= Village councils (Antigua and Barbuda) =

Village councils in Antigua and Barbuda were local government bodies responsible for the administration of the villages on the Island of Antigua. Village councils were responsible for the delivery of public services, such as waste management, road maintenance, and community development projects, to the residents of the village. Village councils were also responsible for collecting taxes and fees from residents, as well as for creating and enforcing local by-laws and regulations. The members of the village councils were elected by the residents of the village, and they served a specified term of office. The village councils worked in collaboration with the national government of Antigua and Barbuda to ensure the effective delivery of services to the communities they serve.

Thirteen councils were established in 1946 and 1947.

A system of village councils was created by the Village Councils Act (1945). While all village councils are inactive, the legislation has never been repealed.

== History ==
By 1954, the councils were deemed a failure.

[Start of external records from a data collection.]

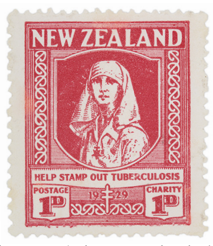
Fig. 6 Charity stamp, 'Help stamp out tuberculosis', 1d + 1d, 1929. Designer Stanley Davis (Te Papa PH.000309).

In common with the George V definitive issues of 1915 and 1926, and the 'New Zealand and South Seas Exhibition' set, the design attractively incorporates decorative borders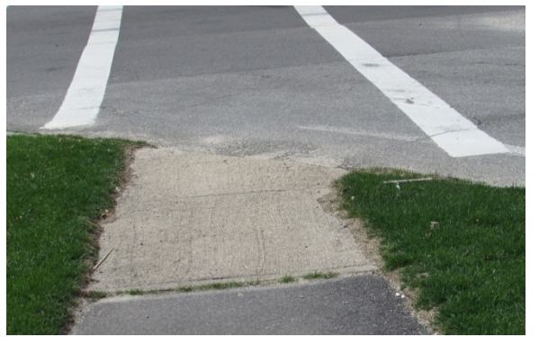
Existing Crosswalk Markings and Ramp

Observations made during the RSA indicate that the intersection is lacking pedestrian amenities, including pedestrian signals and sidewalks on the northern side of Route 28. Another observation was made regarding the lack of tactile pads on the existing handicapped ramps. It was also mentioned that the residential neighborhoods on the north side of Route 28 lack pedestrian connectivity due to the lack of pedestrian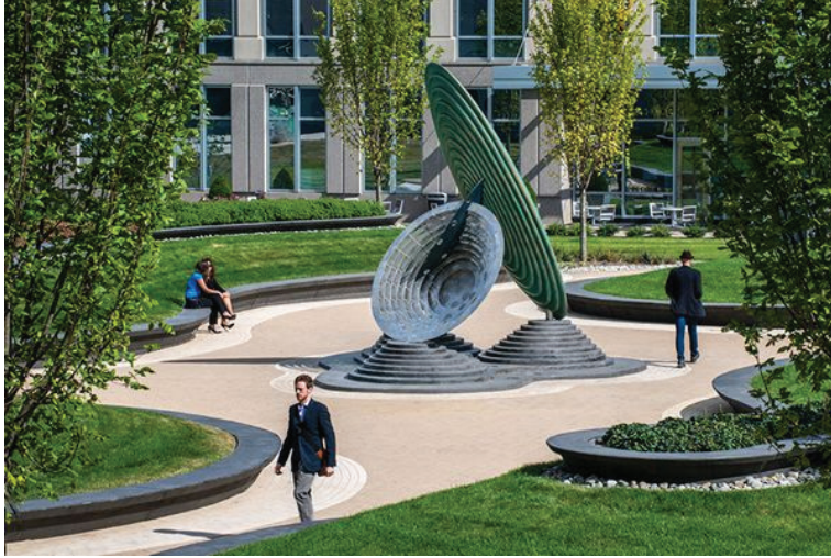
Sculpture for the Receptor project; credit: Cliff Garten Studio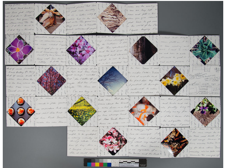
i88877644_1246_A02N - Unfolded, verso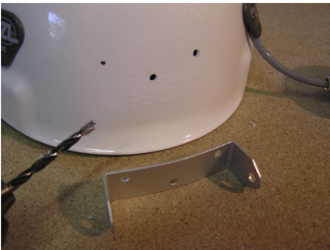
Prepared drillings for the lamp holder

We recommend leading the lamp cable on the inner side of the helmet. In that way the connector is well protected.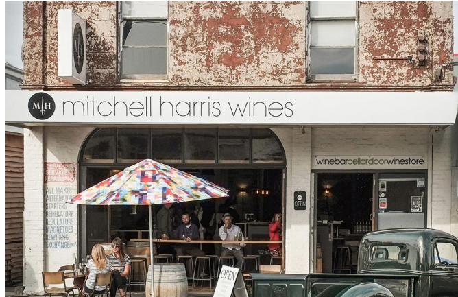
Local Wine: Mitchell Harris Wines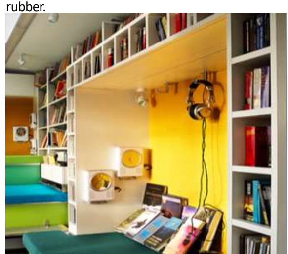
Fig 13. Library Bus, Kiruna, Sweden, Source: http://www.shearyadi.com/myworld/library-bus-of-the-year-by-the-swedish-librarian-society

classes and movie projections. The bus function is not only a book transportation means, but also a culture recipient and a meeting place. During the night, the bus becomes a lamp to attract the people around. The shelf frames are made of aluminium and are covered with white paint. The chairs are made of MDF. The floor is made of circular grey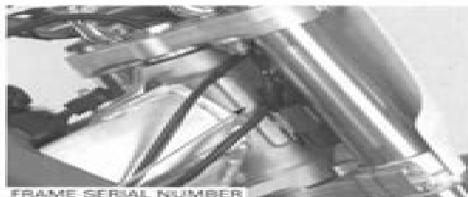
FRAME SERIAL NUMBER

(1) The frame serial number is stamped on the right side of the steering head.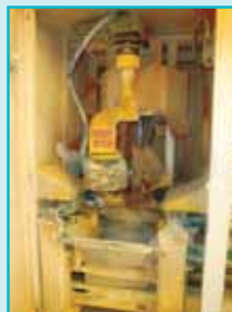
RH SIDE: CNC SPEED CUT SAW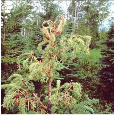
Figure 7: White pine weevil exit shepherd's crook

regenerating white pine. It is also an important pest of young spruce plantations in western Canada. It predominantly attacks trees between the ages of five to 35 years.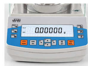
Large LCD display with text information section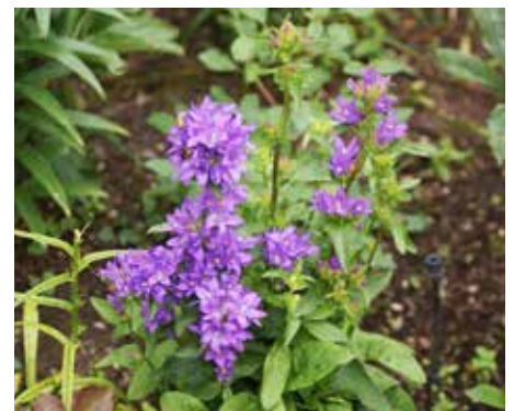
Campanula glomerata Clustered Bellflower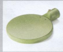
Welding mirror 135 mm, PTFE coated Article No: 107.344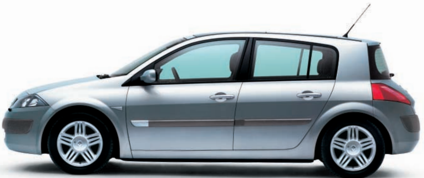
5 door Dynamique model shown.

Indeed, they knew what they were talking about, for within a year of being launched the Megane became the biggest selling range in Europe.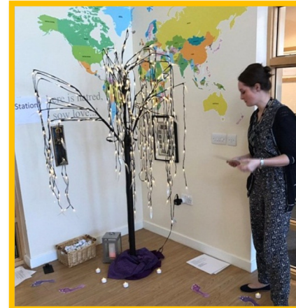
The Light of Christ

Our Statement to Live By this week is the second one in the theme "Grow towards human wholeness in body, mind and spirit and learn to keep themselves and others safe"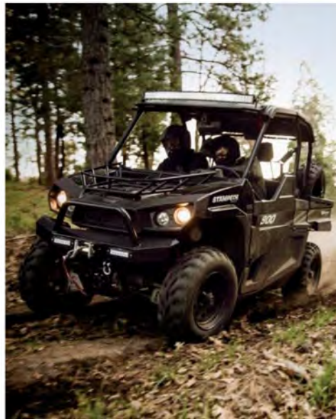
Textron Off Road Stampede 4x4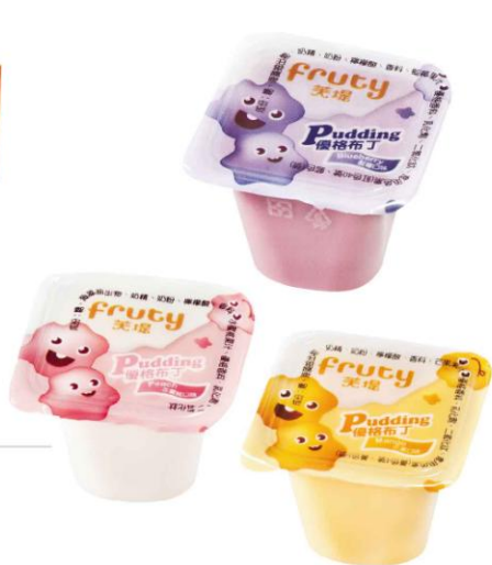
FR1-2 (36g x 10 cups x 20 packs / Carton) 優格布丁 Yogurt Pudding 口味種類: 芒果、藍莓、水蜜桃 3種口味 Flavor: Mango, Blueberry, Peach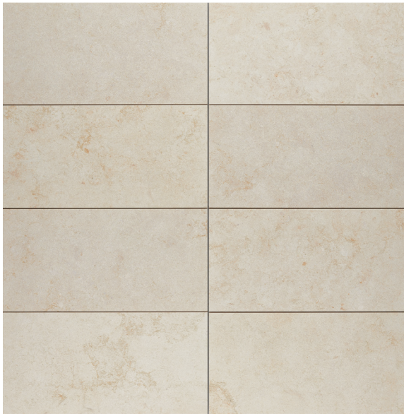
12 × 24 × 3/8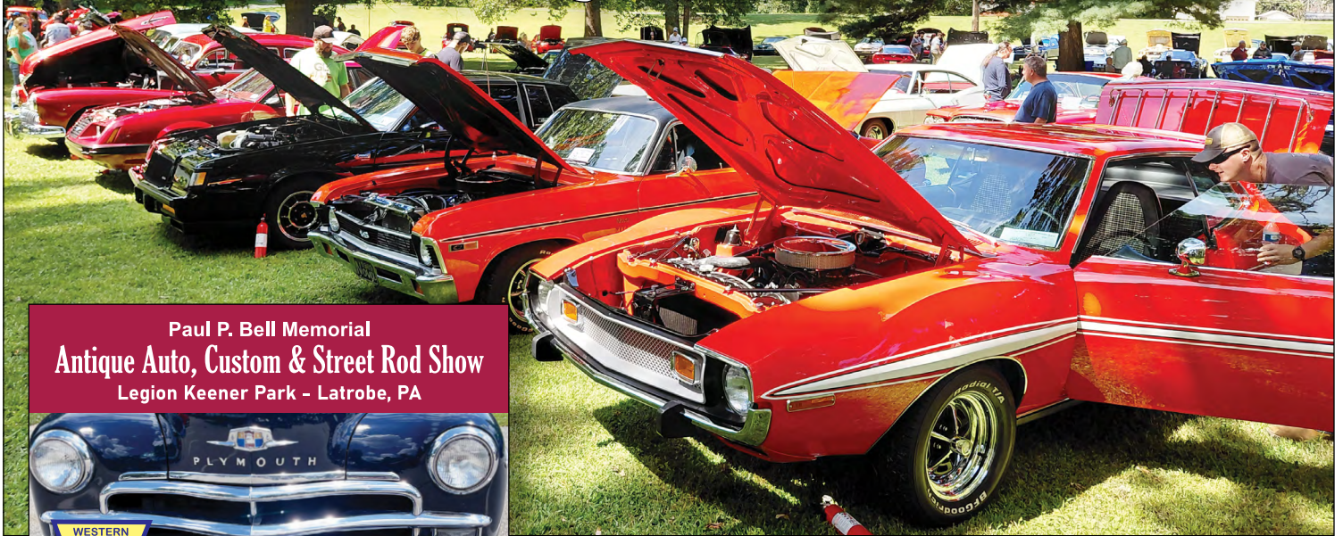
above: The Class 17 cars – hoods up, fire extinguishers out and ready for judging. left: Our 2025 dash plaque features a 1950 Plymouth to celebrate our 1950 birth year!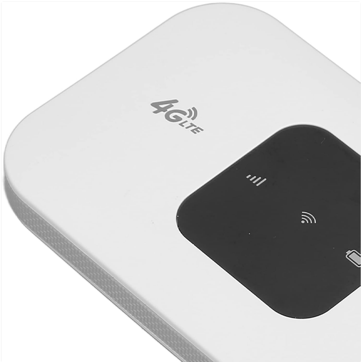
Image: Close-up of the router's front panel with 4G LTE logo and indicators.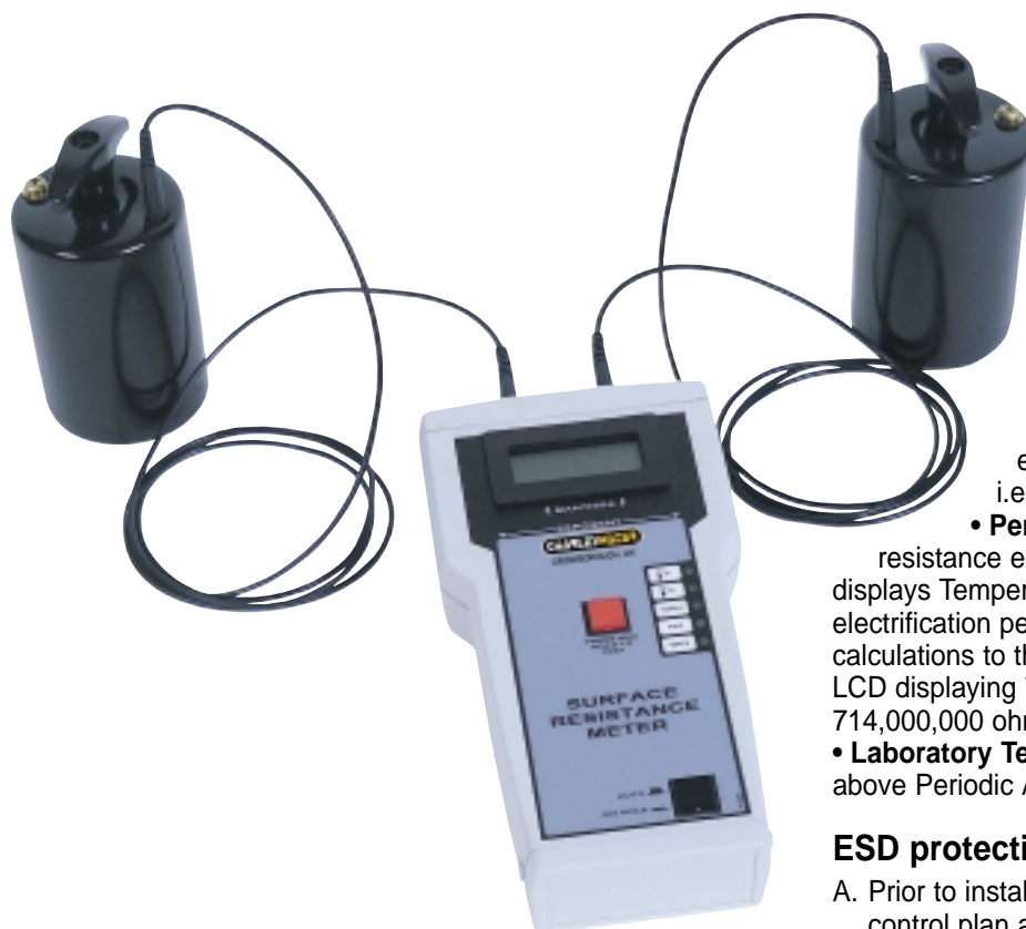
Figure 1. Item 99105 Surface Resistance Test Kit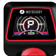
Fig 1 - M1 DHC

To release the parking brake, press the on/off button to start the trolley.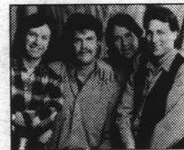
Nitty Gritty Dirt Band September 4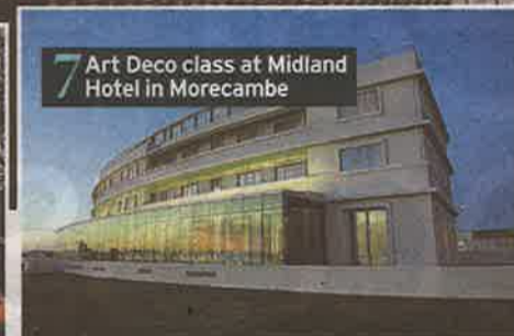
7 Art Deco class at Midland Hotel in Morecambe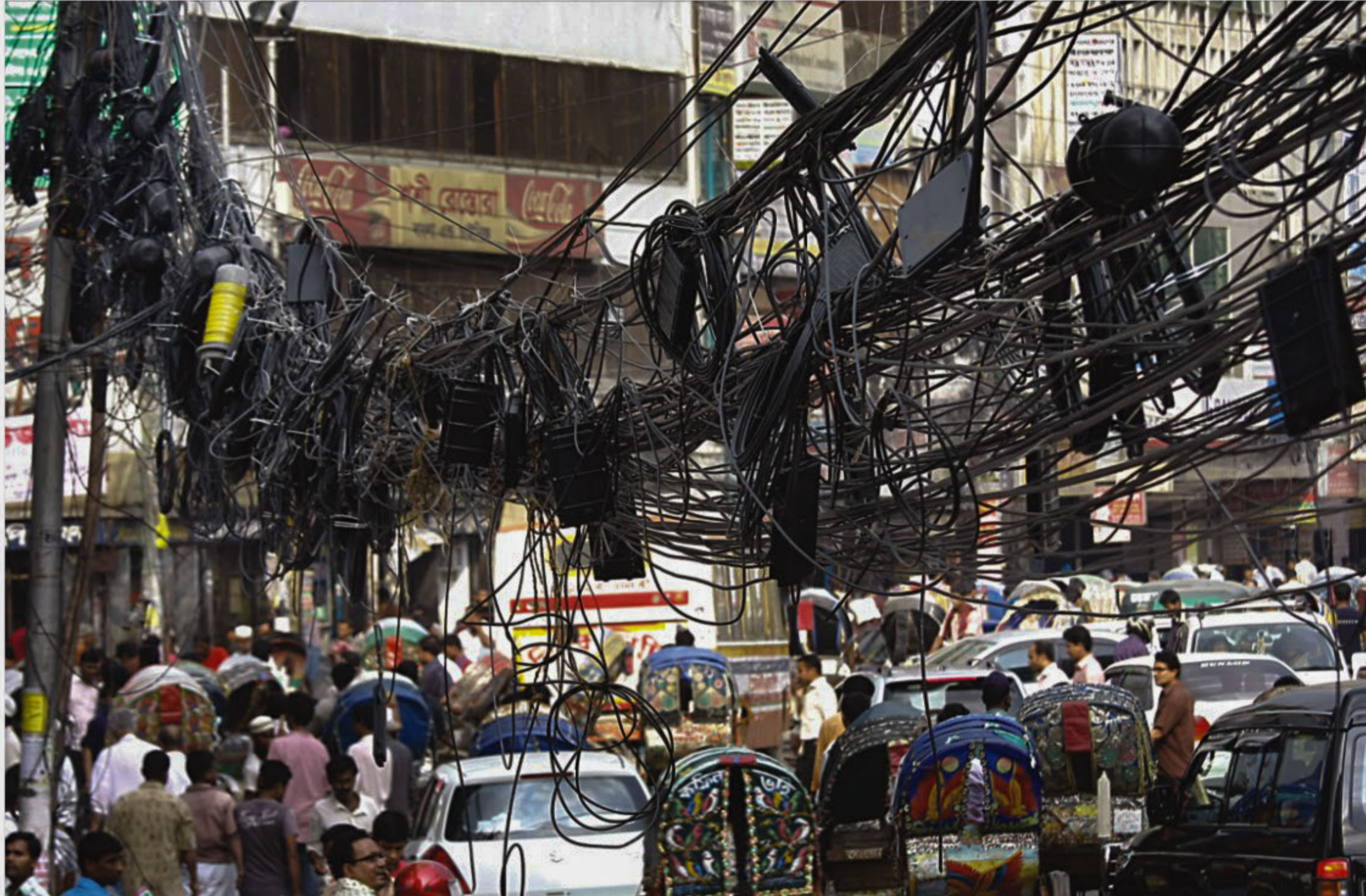
A common scene: Tangled cables in our midst.

Dhaka city has been jam-packed with the overhead cables ever since Bangladesh got connected with the submarine cable that helped people log on to the internet.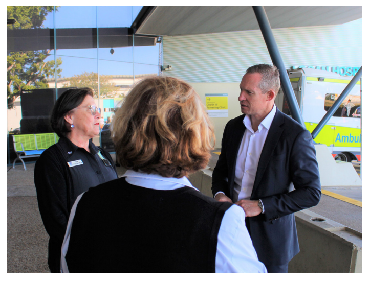
More doctors and nurses for your family - when you need them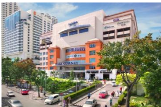
Gurney Plaza, Penang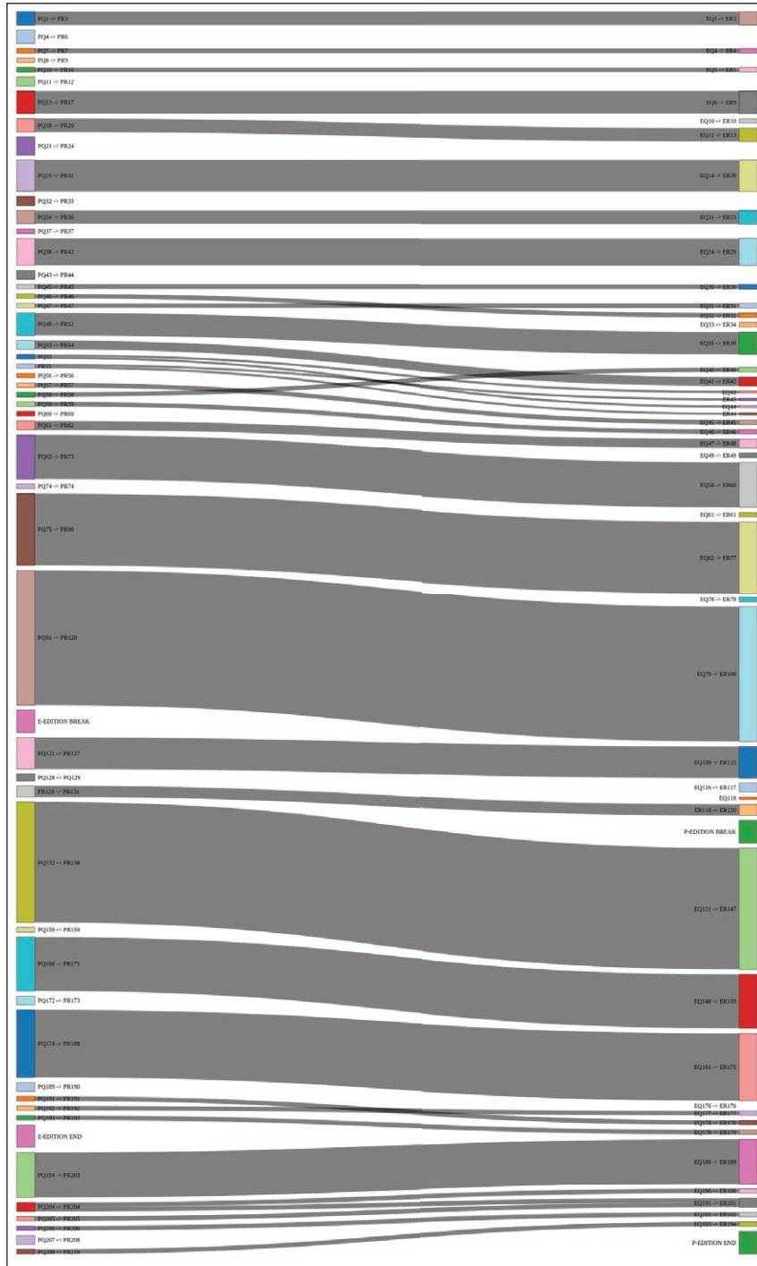
Figure 2: Visualisation of the syuzhet re-ordering between the E edition and P edition of Cloud Atlas .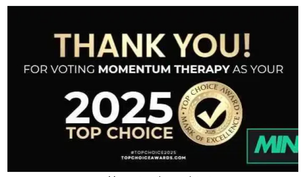
Momentum therapy latest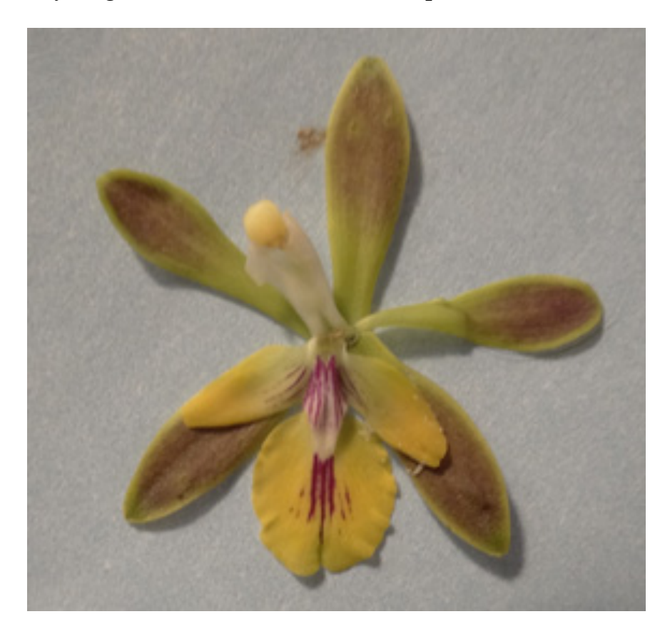
Encyclia bocourtii Muj. Benitez & Pupulin.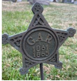
Civil War Grand Army of the Republic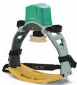
LUCAS™ Chest Compression System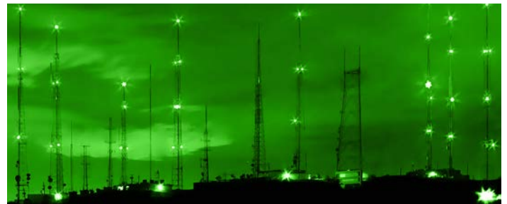
Night Vision Compatible Obstruction Light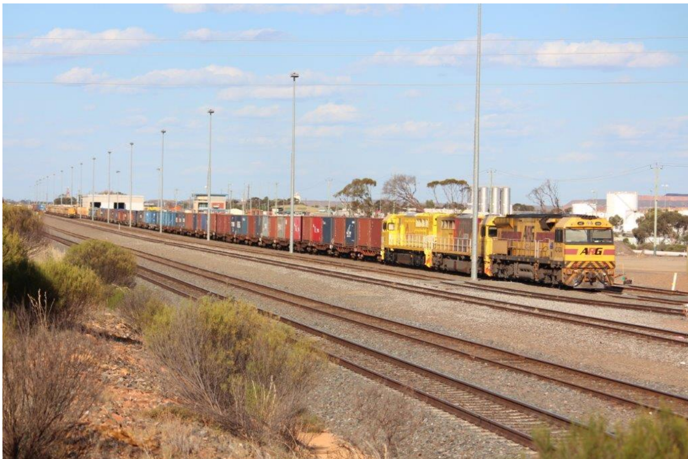
AC4304 & Q4009 with failed Q4003 dead attached on 1426 to Perth, 30 th December.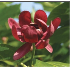
Calycanthus 'Aphrodite' flower.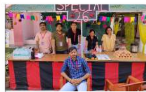
Stall: Special 26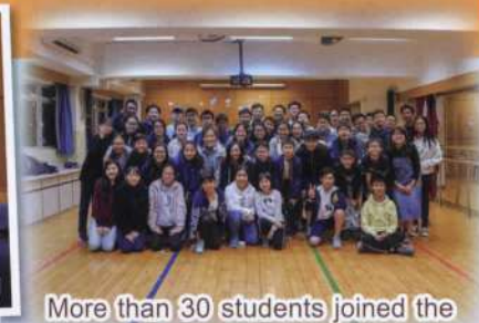
More than 30 students joined the camp this year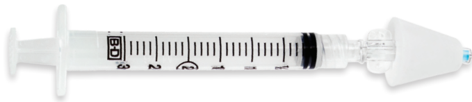
DART with Syringe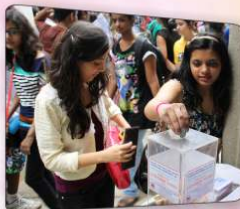
MALHAR (Annual Festival of ST Xaviers College)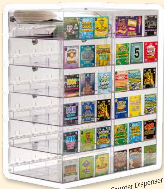
OCTX On-Counter Dispenser

The OCTX dispenses 8" and 12" Super Tickets and 4" tickets from the same bin, allowing you to add oversize tickets and increase facings without adding more bins.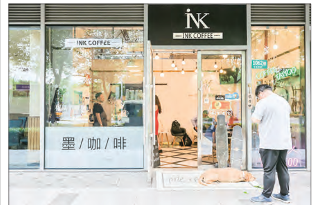
Photo taken on 29 May 2021 shows INK, a cafe in the Hongqiao Business District of Shanghai, east China.

The Moshi-based Tanzanian Coffee Board (TCB) has held the competition since last year, selecting the top 10 coffee varieties of each category and posting the scores and rankings online.—Xinhua ■

Ivor Heath, the UNDP's head, vowed to decentralize the government in the 1980s if his group were to win power. In order to provide communities a kind of local government and more responsibility over their own concerns, he specifically suggested a system of village councils. Only Barbuda had local self-government in the late 1980s; the other communities were governed by the Ministry of Home Affairs.

All village councils are currently inactive in Antigua and Barbuda, and the current Prime Minister Gaston Browne has expressed opposition to the reestablishment of village councils.